Pittsburgh Field Club is a private country club, established in 1882, located six miles (10 km) northeast of downtown Pittsburgh in the suburb of Fox Chapel, Pennsylvania. It rounds out an impressive quartet of courses in the suburbs northeast of Pittsburgh, along with the Longue Vue Club and Golf Course, Oakmont Country Club and the Seth Raynor-designed Fox Chapel Golf Club.

Known simply as The Field Club to Pittsburghers, it hosted the PGA Championship in 1937, where Denny Shute successfully defended his match play title. The club also hosted the Western Open in 1959 as part of Pittsburgh's bicentennial celebration. Before he won the U.S. Open in 1953 at nearby Oakmont, Ben Hogan had to qualify for the national championship at the Pittsburgh Field Club, even though he had won three of the previous five.

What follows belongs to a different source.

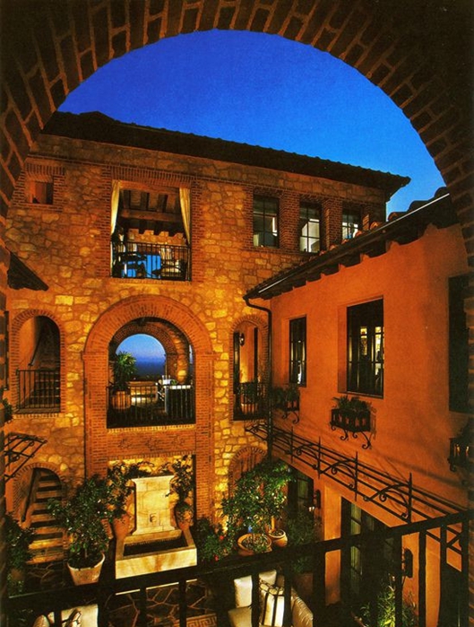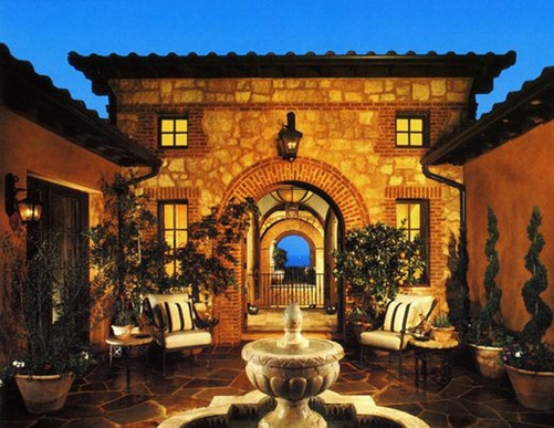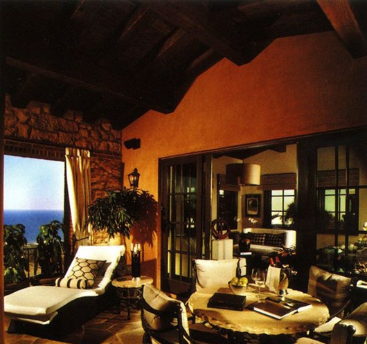 在玄關(guān)前方庭院的上方,這座別墅顯露出了令人驚奇的部分:一個(gè)極漂亮的三層第二庭院允許陽光和海岸微風(fēng)滲入并穿透這所雄偉的房子的中心部分。隨著空間連 續(xù)性的展開,整幢房子呈現(xiàn)出了精細(xì)刻畫的石頭和灰泥混合物,在這視覺上把房子與場點(diǎn)的沿海雄偉風(fēng)光連接在了一起。狹長的風(fēng)景帶從后涼廊和露天涼臺的上部延伸到地平線,在這里,海景構(gòu)成了整個(gè)房子的一種靜謐感。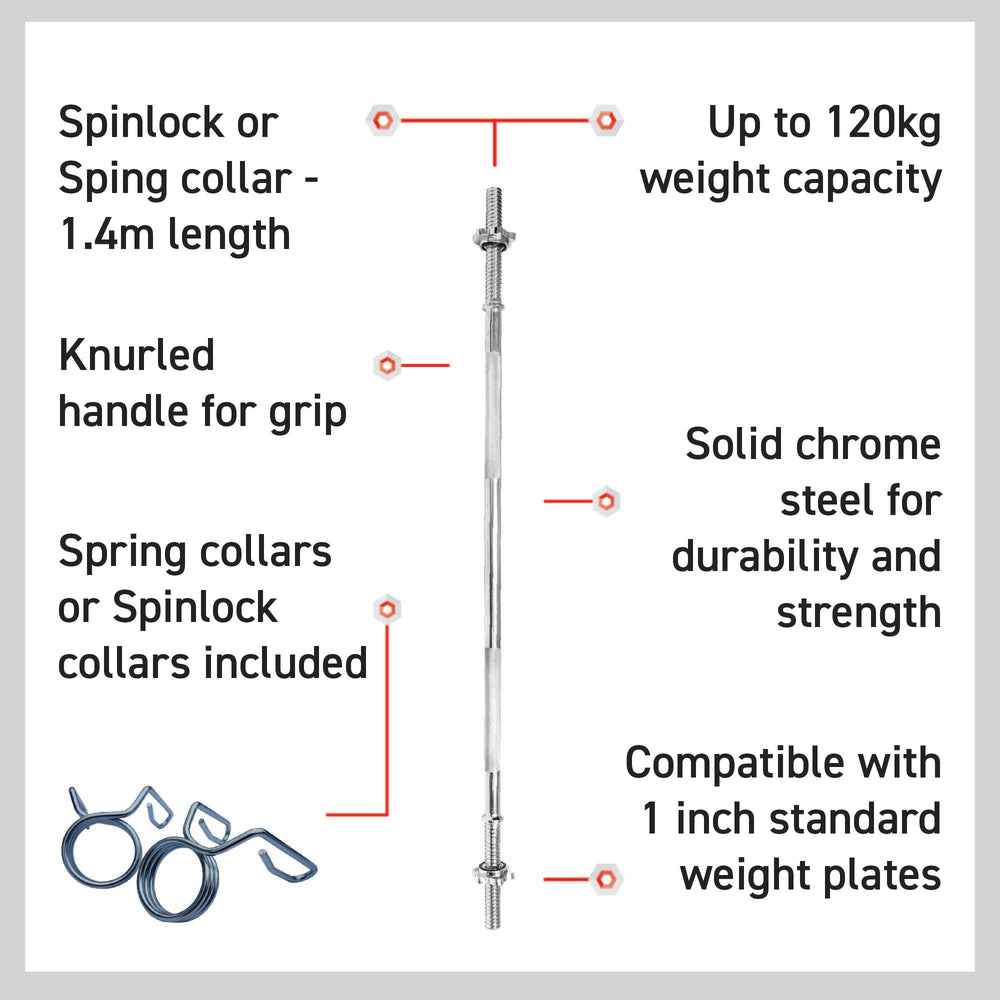 - WEIGHTLIFTING BARBELL BAR - Made of durable, heavy-duty solid chrome steel with a weight capacity of 120KG. This 1.4m barbell bar is available with spring collars or spinlock collars.

The course was designed by Alexander H. Findlay in August 1914.  At the time, Findlay was the premier golf course architect in the country, having perfected his design skills for decades in every corner of the country. The current layout is an amalgam that includes the efforts of Donald Ross, A.W. Tillinghast, Emil "Dutch" Loeffler, Arthur Hills, Craig Schreiner and Keith Foster in 2012.  The first tee next to the clubhouse sits high above the fairway; many members suggest aiming for the white steeple of Fox Chapel Presbyterian Church when you tee off there.  Of note is a unique feature to the course layout: An elevator from the 17th green to the 18th tee box.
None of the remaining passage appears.